What you return must match the listing below exactly, minus any pictures.

The data:

►

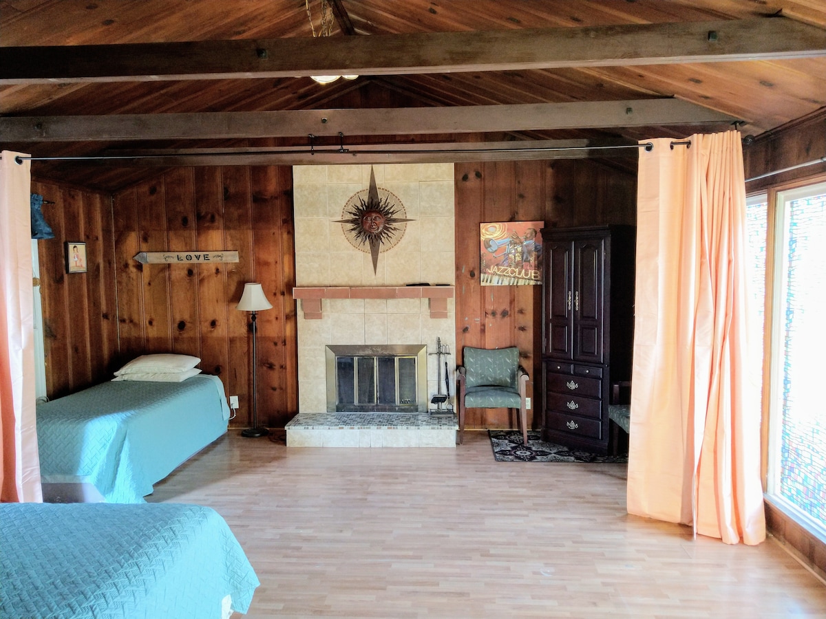 Lugn tillflyktsort, inbäddat i Hollywood Hills; andlig zen, privat oas. Sällsynt och coolt med ett modernt asiatiskt/balinesiskt perspektiv, perfekt för inomhus-/utomhusunderhållning. Varje badrum erbjuder lugn och avkoppling. Rymligt sovrum med öppen spis och badrum, badkar och regndusch. Slappna av i det uppvärmda utomhusspaet. Detta boende väcker ett känslomässigt svar. Dessutom är vi husdjursvänliga. Vårt boende rymmer endast upp till 8 personer, inga ytterligare gäster eller besökare tillåtna.
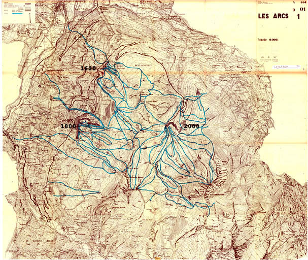 Les trois stations des Arcs, comprenant 30 000 lits touristiques, furent réalisées en une vingtaine d'années, sur les pentes de l'Aiguille-Grive (2732 m d'altitude) , au-dessus de Bourg-Saint-Maurice et d'Hauteville-Gondon pour les deux premières. De 1968 à 1973, c'est Arc 1600, considérée comme le laboratoire, et à partir de 1974, Arc 1800. Puis Arc 2000 sera fondée à partir de 1978, au cour de la vallée de l'Arc, au pied l'Aiguille Rouge qui culmine à 3226 m. Grâce à R Blanc (1933-1980) , berger dans son enfance sur la montagne des Arcs, moniteur de ski à Courchevel et guide de haute montagne, R Godino, jeune manager en développement, découvre le site en 1961. Il s'engage dans la création d'une station de sports d'hiver qu'il conçoit d'emblée comme une entreprise. Il constitue en 1964 la Société des Montagnes de l'Arc, chargée de réaliser toute la station, depuis l'acquisition des terrains jusqu'à l'animation culturelle et sportive, en passant par l'installation des remontées mécaniques, l'aménagement du domaine skiable, la construction des immeubles résidentiels et leur commercialisation. Godino s'assure que l'innovation soit permanente en s'entourant d'une équipe pluridisciplinaire qui intègre les fonctions de maître d'ouvrage, de maître d'ouvre et de gestionnaire. La composition des Arcs est inspirée des réflexions de Le Corbusier sur la cité moderne, et de la philosophie architecturale insufflée par C Perriand (1903-1999) , qui, à la demande de D Pradelle (1913-1999) , consacre 20 ans de sa vie de création de 1967 à 1987 à la conception de la station. Autour d'elle se rassemble un groupe de concepteurs qui partagent les mêmes convictions autour du mouvement moderne et des idées développées par les CIAM et Le Corbusier : l'équipe de l'AAM, composée des architectes-urbanistes D Pradelle, G Regairaz, G Rey-Millet, P Quinquet, A Bardet, J-G Orth, le graphiste P Faucheux qui conçoit la Coupole, dont la charpente en bois lui inspire le logo de la station, le charpentier menuisier B Taillefer, qui s'exprime comme architecte, les architectes R Rebutato et A Tavès et l'ingénieur J Prouvé qui conseille l'équipe à de nombreuses reprises. Ensemble, ils recherchent l'intégration au site, concentrant l'implantation des constructions pour en réduire l'impact dans le paysage. Ils font le choix de la station sans voitures, dont le tracé des chemins piétons structure l'organisation urbanistique des commerces, des équipements, et des entrées résidentielles. Certains immeubles sont disposés en peigne, perpendiculairement à la pente, laissant le plateau libre pour les pratiques sportives de ski en hiver et de golf en été. Malgré la grande densité des programmes, et les contraintes de la préfabrication, chaque logement est conçu comme une cellule individuelle dont l'organisation est déclinée sans cesse différemment, tout en répondant à des exigences de surfaces draconiennes, grâce aux recherches sur l'art d'habiter la montagne, absence de vis-à-vis entre logements, terrasses isolées, coursives collectives personnalisées, salles de bains cabines et mobiliers adaptés. Le départ en 1990 du fondateur des Arcs a morcelé la gestion de la station entre plusieurs partenaires, fragilisant le maintien de l'exceptionnelle cohérence architecturale et urbaine, qui a fait des Arcs un repère essentiel dans l'évolution de l'aménagement en montagne au XX° siècle.
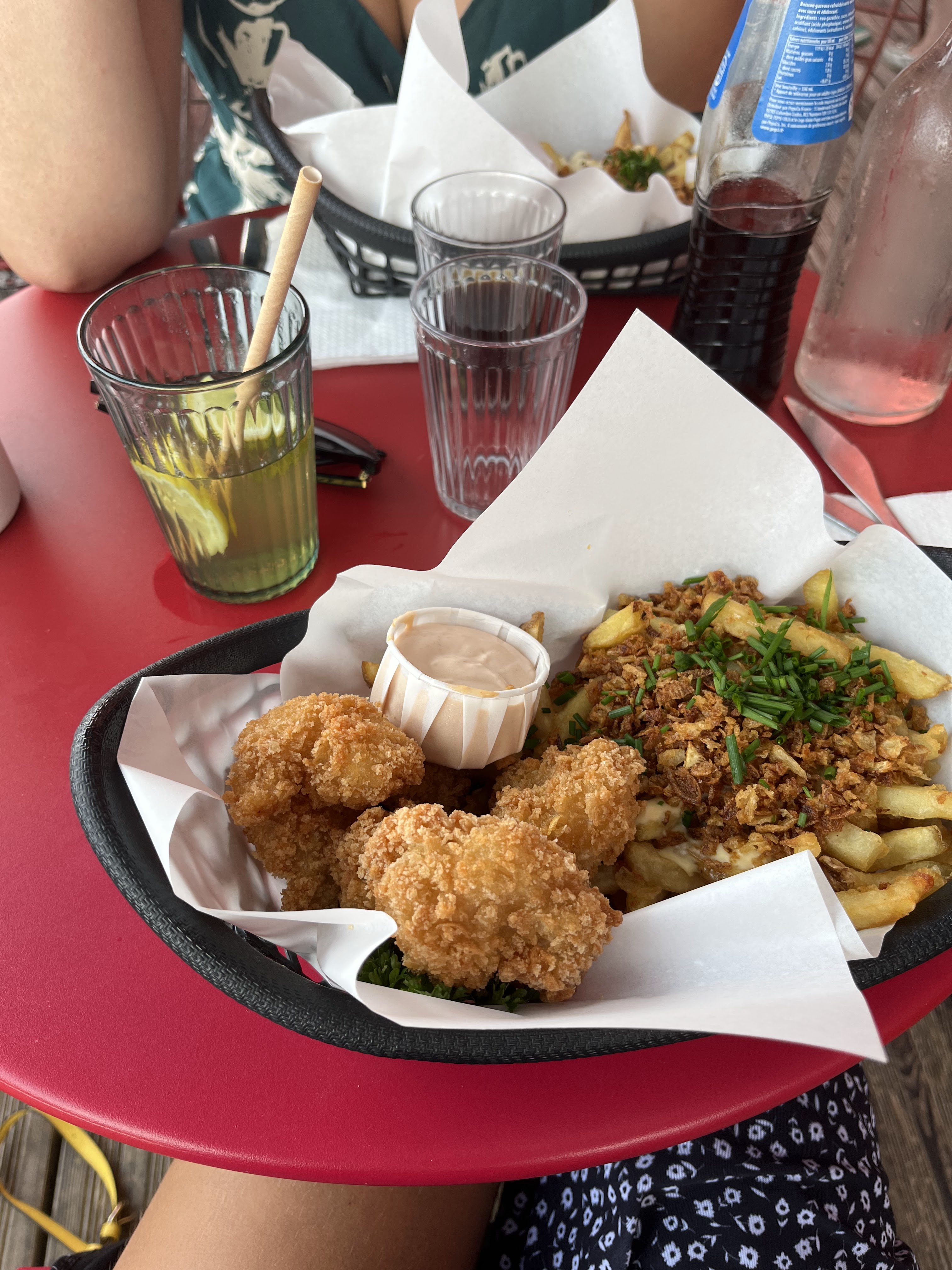 J'adore les crevettes et le poisson frit, je n'ai pas été déçu. Dîner sur la terrasse avec point de vue sur le port, presque parfait, car petit bémol sur le service: obligé de commander la nourriture en même temps que les boissons et il manque quelques centilitres dans les pintes.

◄

Exercise result:
 Lugn tillflyktsort, inbäddat i Hollywood Hills; andlig zen, privat oas. Sällsynt och coolt med ett modernt asiatiskt/balinesiskt perspektiv, perfekt för inomhus-/utomhusunderhållning. Varje badrum erbjuder lugn och avkoppling. Rymligt sovrum med öppen spis och badrum, badkar och regndusch. Slappna av i det uppvärmda utomhusspaet. Detta boende väcker ett känslomässigt svar. Dessutom är vi husdjursvänliga. Vårt boende rymmer endast upp till 8 personer, inga ytterligare gäster eller besökare tillåtna.
 Les trois stations des Arcs, comprenant 30 000 lits touristiques, furent réalisées en une vingtaine d'années, sur les pentes de l'Aiguille-Grive (2732 m d'altitude) , au-dessus de Bourg-Saint-Maurice et d'Hauteville-Gondon pour les deux premières. De 1968 à 1973, c'est Arc 1600, considérée comme le laboratoire, et à partir de 1974, Arc 1800. Puis Arc 2000 sera fondée à partir de 1978, au cour de la vallée de l'Arc, au pied l'Aiguille Rouge qui culmine à 3226 m. Grâce à R Blanc (1933-1980) , berger dans son enfance sur la montagne des Arcs, moniteur de ski à Courchevel et guide de haute montagne, R Godino, jeune manager en développement, découvre le site en 1961. Il s'engage dans la création d'une station de sports d'hiver qu'il conçoit d'emblée comme une entreprise. Il constitue en 1964 la Société des Montagnes de l'Arc, chargée de réaliser toute la station, depuis l'acquisition des terrains jusqu'à l'animation culturelle et sportive, en passant par l'installation des remontées mécaniques, l'aménagement du domaine skiable, la construction des immeubles résidentiels et leur commercialisation. Godino s'assure que l'innovation soit permanente en s'entourant d'une équipe pluridisciplinaire qui intègre les fonctions de maître d'ouvrage, de maître d'ouvre et de gestionnaire. La composition des Arcs est inspirée des réflexions de Le Corbusier sur la cité moderne, et de la philosophie architecturale insufflée par C Perriand (1903-1999) , qui, à la demande de D Pradelle (1913-1999) , consacre 20 ans de sa vie de création de 1967 à 1987 à la conception de la station. Autour d'elle se rassemble un groupe de concepteurs qui partagent les mêmes convictions autour du mouvement moderne et des idées développées par les CIAM et Le Corbusier : l'équipe de l'AAM, composée des architectes-urbanistes D Pradelle, G Regairaz, G Rey-Millet, P Quinquet, A Bardet, J-G Orth, le graphiste P Faucheux qui conçoit la Coupole, dont la charpente en bois lui inspire le logo de la station, le charpentier menuisier B Taillefer, qui s'exprime comme architecte, les architectes R Rebutato et A Tavès et l'ingénieur J Prouvé qui conseille l'équipe à de nombreuses reprises. Ensemble, ils recherchent l'intégration au site, concentrant l'implantation des constructions pour en réduire l'impact dans le paysage. Ils font le choix de la station sans voitures, dont le tracé des chemins piétons structure l'organisation urbanistique des commerces, des équipements, et des entrées résidentielles. Certains immeubles sont disposés en peigne, perpendiculairement à la pente, laissant le plateau libre pour les pratiques sportives de ski en hiver et de golf en été. Malgré la grande densité des programmes, et les contraintes de la préfabrication, chaque logement est conçu comme une cellule individuelle dont l'organisation est déclinée sans cesse différemment, tout en répondant à des exigences de surfaces draconiennes, grâce aux recherches sur l'art d'habiter la montagne, absence de vis-à-vis entre logements, terrasses isolées, coursives collectives personnalisées, salles de bains cabines et mobiliers adaptés. Le départ en 1990 du fondateur des Arcs a morcelé la gestion de la station entre plusieurs partenaires, fragilisant le maintien de l'exceptionnelle cohérence architecturale et urbaine, qui a fait des Arcs un repère essentiel dans l'évolution de l'aménagement en montagne au XX° siècle.
 J'adore les crevettes et le poisson frit, je n'ai pas été déçu. Dîner sur la terrasse avec point de vue sur le port, presque parfait, car petit bémol sur le service: obligé de commander la nourriture en même temps que les boissons et il manque quelques centilitres dans les pintes.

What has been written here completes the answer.